Sometimes a citizen requires exactly the right music for an occasion. I found the sound on Election Day, topped with a delicious garnish via the band's name: Imperial Triumphant. Here's how this New York noise/metal/jazz trio's "Alphaville" (released this summer) and "Vile Luxury" (2018) locked into the mood of their time.
Fear. Zachary Ilya Ezrin's guitar feels like your guts -- tense, dissonant chords, or arpeggios like a broken bicycle wheel.
Hatred. Ezrin and bassist-keyboardist Steve Blanco growl disgust and inhumanity in classic death-metal vocal style. "The future is bright." "It's time to die."
Conflict. Hisses, drones and "melody" lines butt up against one another yet cohere thanks to Kenny Grohowski's drums, which don't so much keep time as acknowledge time's suspension and provide temporary platforms for combat.
Chaos. Is that a building collapsing? Is that a woman screaming? People run without direction, shouting and waving flags under a shrouded sun.
Violence. The virtuosic, versatile Grohowski pummels you, impales you and rolls you into a ditch. Imperial Triumphant's video for "Swarming Opulence" (below) features a woman stabbing a junkie while he licks her.
Rage. Edgy abstractions rise and subside like predators in tall grass. Hunger and anger belong to the same category of involuntary, uncontainable reaction. Love belongs to that category too, but love took a walk.
Despair. A sick atmosphere of drones and echoes hangs everywhere, waiting for a breeze that never comes. Explosions, yes.
Transcendence. And then . . . jazz. A piano skips like a young goat; a soulful trombone moans from the heart; a horn arrangement ushers the golden memory of Gil Evans into the endless rusting junkyard.

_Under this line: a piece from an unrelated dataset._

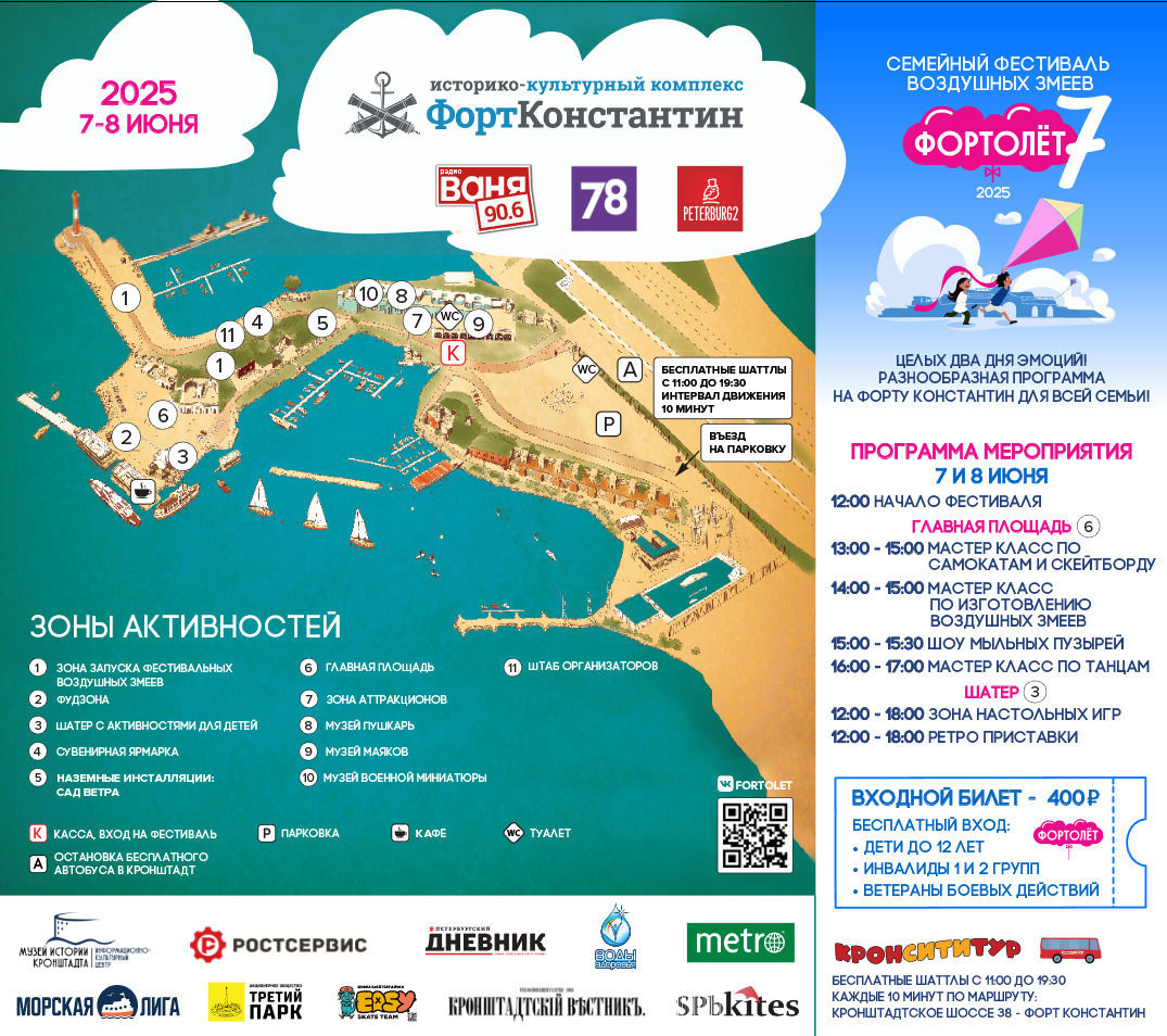 Вход – 400 рублей (парковка включена в стоимость), бесплатный вход – детям до 12 лет, участникам СВО и членам их семей. От Кронштадтского шоссе, 38, с 11:00 до 19:30 будет курсировать бесплатный автобус до форта Константин, интервал движения – каждые 15 минут.

Since we all live in that junkyard, Imperial Triumphant provides a valuable service by turning the junk into art. (Yes, I just returned from a fourth visit to the late Noah Purifoy's Joshua Tree junk-art museum.) And we get a damned entertaining variety show -- a dramatic movie, a psychic cleanse, a sonic bath. The production of "Alphaville" by Trey Spruance (Mr. Bungle) has brought new definition to the canvas of I.T., a band that, though it enjoys the ambiguity of its initials, requires precision to display the full depth of its field. The group even enlisted Meshuggah's Tomas Haake for a taiko drum battle, a highlight that must have delighted Grohowski, who has learned much from the way Haake turns rhythms inside out.
We can't expel all those nasty conditions, or control malicious ignorance. But putting a good frame around them can sure make a voter feel better.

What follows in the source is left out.